THE DATA –

====================

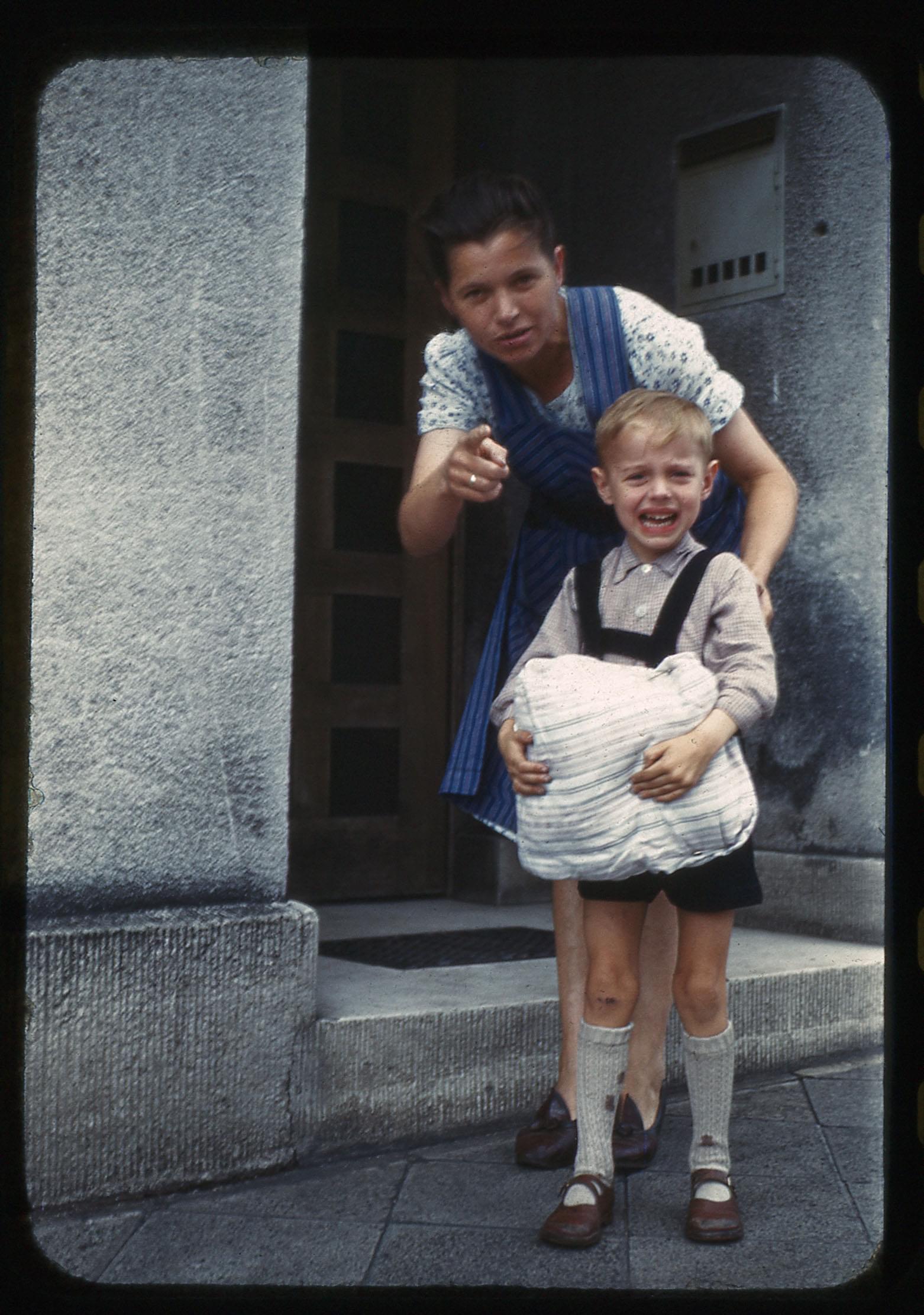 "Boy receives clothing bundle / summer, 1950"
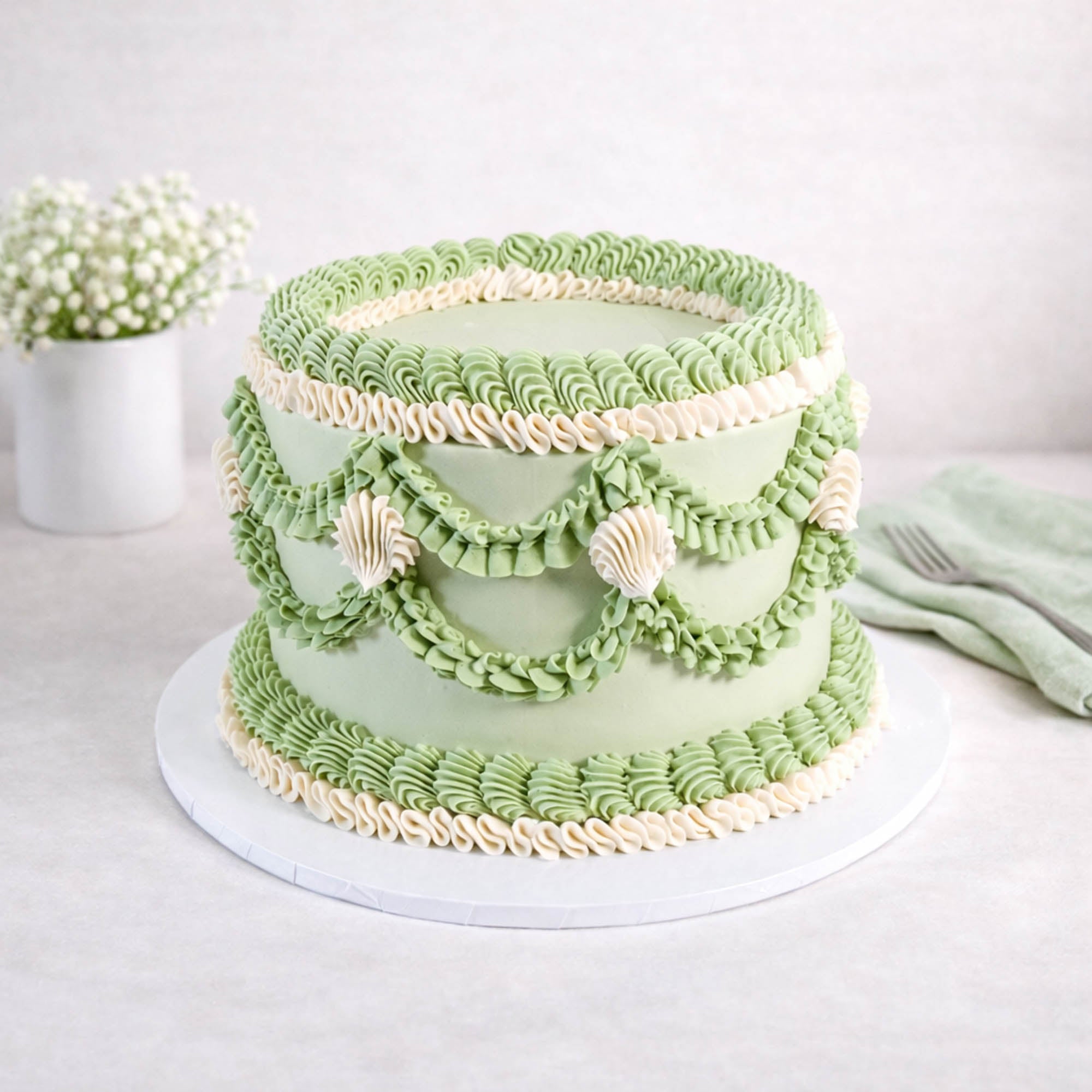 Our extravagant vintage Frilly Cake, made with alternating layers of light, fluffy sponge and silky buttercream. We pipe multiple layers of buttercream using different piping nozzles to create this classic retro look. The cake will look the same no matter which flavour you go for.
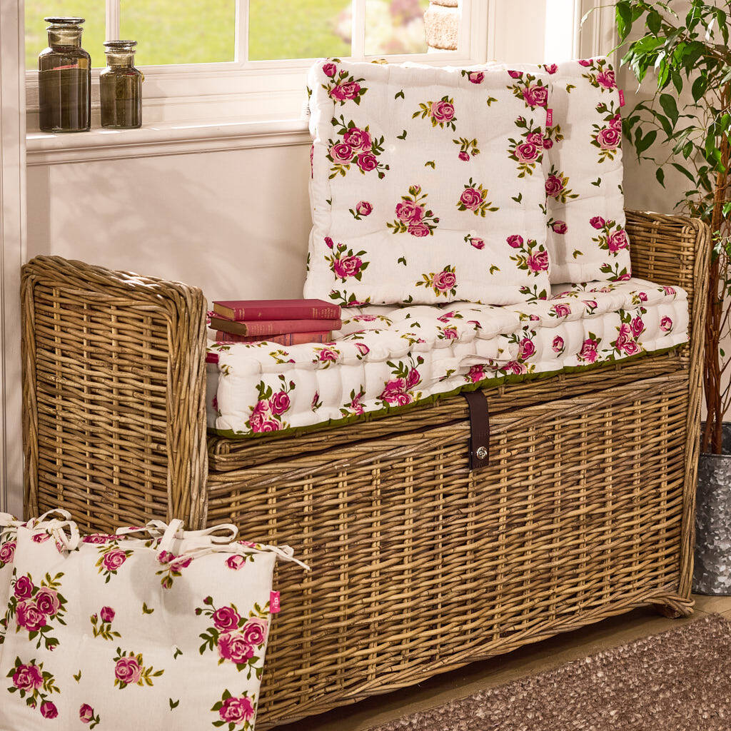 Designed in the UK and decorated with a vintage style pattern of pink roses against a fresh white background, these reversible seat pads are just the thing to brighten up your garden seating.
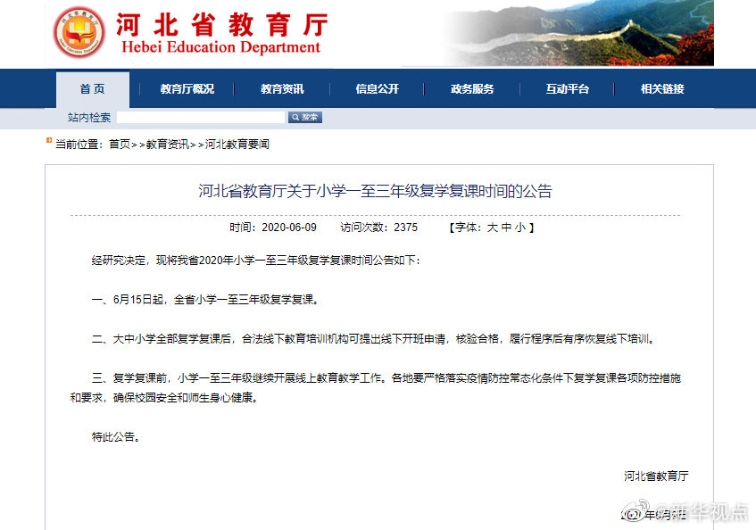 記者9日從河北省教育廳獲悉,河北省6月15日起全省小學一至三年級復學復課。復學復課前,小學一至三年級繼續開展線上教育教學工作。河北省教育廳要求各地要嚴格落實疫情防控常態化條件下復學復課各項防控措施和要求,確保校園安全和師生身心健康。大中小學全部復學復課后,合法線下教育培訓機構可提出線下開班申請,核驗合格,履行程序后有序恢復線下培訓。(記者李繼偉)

====================

YOUR OBJECTIVE – Repeat the lines of the listing above verbatim, beginning at its first line and ending at the line containing "Designed in the", which is included. Omit pictures.

RESPONSE –
 "Boy receives clothing bundle / summer, 1950"
 Our extravagant vintage Frilly Cake, made with alternating layers of light, fluffy sponge and silky buttercream. We pipe multiple layers of buttercream using different piping nozzles to create this classic retro look. The cake will look the same no matter which flavour you go for.
 Designed in the UK and decorated with a vintage style pattern of pink roses against a fresh white background, these reversible seat pads are just the thing to brighten up your garden seating.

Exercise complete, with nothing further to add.